As a side note, it would be nice to have a palette that gives information on the currently selected glyph (or glyphs): which languages it is required for according to Hyperglot and according to the CLDR, plus the number of speakers, and whether these languages are complete or not. Plus, maybe a Wikipedia link. Then I could make up my mind whether to keep or remove the glyphs, one by one. Maybe I will write something like that at some point.

I wrote a plugin that shows such a palette for the current glyph, also based on Unicode CLDR: https://github.com/jenskutilek/UnicodeInfo-Glyphs

screenshot

Feel free to reuse/adapt parts if you need any :)

justanotherfoundry commented 3 months ago

@justinpenner Thanks! That looks really promising. However, I am getting a beach ball when I run this code. Also, the regular TalkingLeaves now crashes. I will submit this as a new issue.

justanotherfoundry commented 3 months ago

@jenskutilek Aha, I knew someone must have had this kind of idea. If I will pursue it any further I’ll surely build on your plugin. Thanks!

justanotherfoundry commented 3 months ago

I played around with the “unneeded characters” script above. The list includes the Cyrillic Ѐ, which is, according to Hyperglot, required for Bulgarian, and Bulgarian is complete in my font. If I delete this glyph from the font, TalkingLeaves shows Bulgarian as incomplete with only this character missing. This means the list of “unneeded characters” reported by the script is not what I would expect it to be. I am looking for characters I can remove without reducing the list of complete languages.

justinpenner commented 3 months ago

Does it work if you change the first argument in this line to Cyrillic instead of Latin?

_ = data.langsAsTable('Latin', Glyphs.font, True, True)

If you already tried that, then I'm not sure what's going wrong. It works correctly for me if I create a font and add Bulgarian to it via TalkingLeaves. The script reports no unneeded Cyrillic chars for me:

[' ', ',', '-', '.', '0', '1', '2', '3', '4', '5', '6', '7', '8', '9', 'A', 'B', 'C', 'D', 'E', 'F', 'G', 'H', 'I', 'J', 'K', 'L', 'M', 'N', 'O', 'P', 'Q', 'R', 'S', 'T', 'U', 'V', 'W', 'X', 'Y', 'Z', 'a', 'b', 'c', 'd', 'e', 'f', 'g', 'h', 'i', 'j', 'k', 'l', 'm', 'n', 'o', 'p', 'q', 'r', 's', 't', 'u', 'v', 'w', 'x', 'y', 'z']
justanotherfoundry commented 3 months ago

Does it work if you change the first argument in this line to Cyrillic instead of Latin?

It does! Seems like we’d have to loop over several scripts? Sorry, I don’t know enough about pandas so I cannot debug the code.

justinpenner commented 3 months ago

Seems like we’d have to loop over several scripts? Sorry, I don’t know enough about pandas so I cannot debug the code.

Exactly, you can loop over multiple scripts like this, and you don't need to add any new pandas code:

from TalkingLeaves.data import Data
from TalkingLeaves.utils import flatten

data = Data()

# Don't need this table, but it generates data.completeLangs
completeNames = []
for script in ['Latin', 'Cyrillic']:
    _ = data.langsAsTable(script, Glyphs.font, True, True)
    completeNames.extend(list(data.completeLangs.loc[:, 'name']))

completeLangs = data.langs[data.langs['name'].isin(completeNames)]
completeCharsets = list(completeLangs.loc[:, 'chars'])
completeChars = set(flatten(completeCharsets))
fontChars = set(g.string for g in Glyphs.font.glyphs)

# Unneeded chars
print(sorted(fontChars - completeChars))

By the way, I found pandas surprisingly easy to learn.

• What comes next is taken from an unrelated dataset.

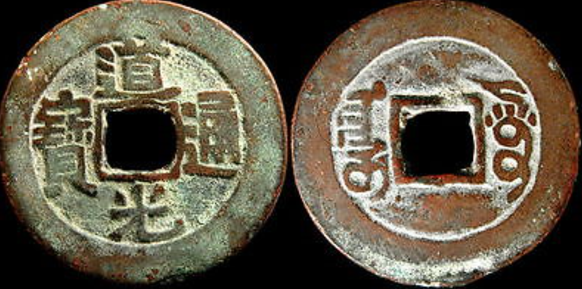 An East-Turkestani “Red Cash” coin designed to have the same metallurgical specifications (alloy) as Muslim Pūl (ﭘول) coins, and to circulate alongside them. Minted at the Aksu mint (Manchu script: ᠠᡴᠰᡠ ; Arabic script: ئاقسۇ).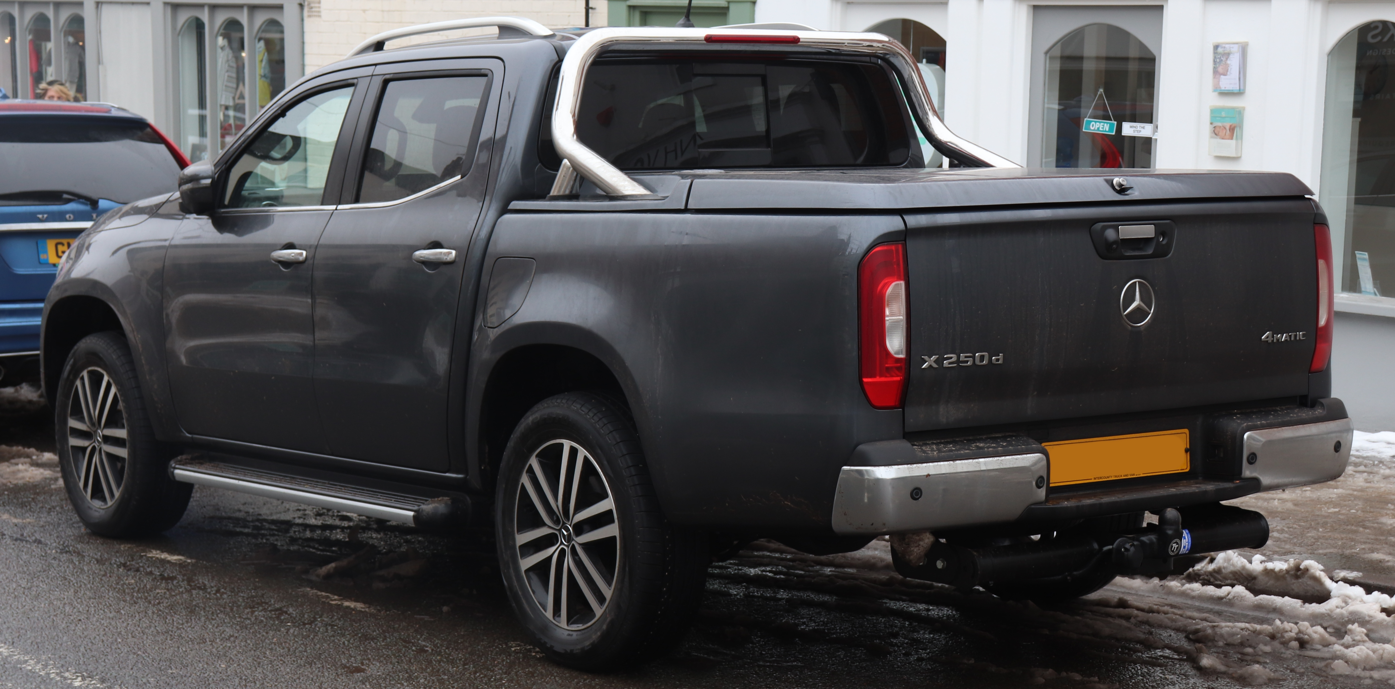 2018 Mercedes-Benz X250 Power D 4MATIC Automatic 2.3 Rear Taken in Leamington Spa

It's very Pythonic and I found it easier to understand after looking up a "cheat sheet" of common commands. I've only scratched the surface so far, but it didn't take long to learn the basics so I could plug it in to TalkingLeaves.

justanotherfoundry commented 2 months ago

@jenskutilek I implemented what I described above, on the basis of your Unicode Info plug-in: https://github.com/justanotherfoundry/UnicodeInfo-Glyphs Did you get my e-mail?

jenskutilek commented 2 months ago

@justanotherfoundry it took me a while to answer, sorry for that! I hope you got my reply by now.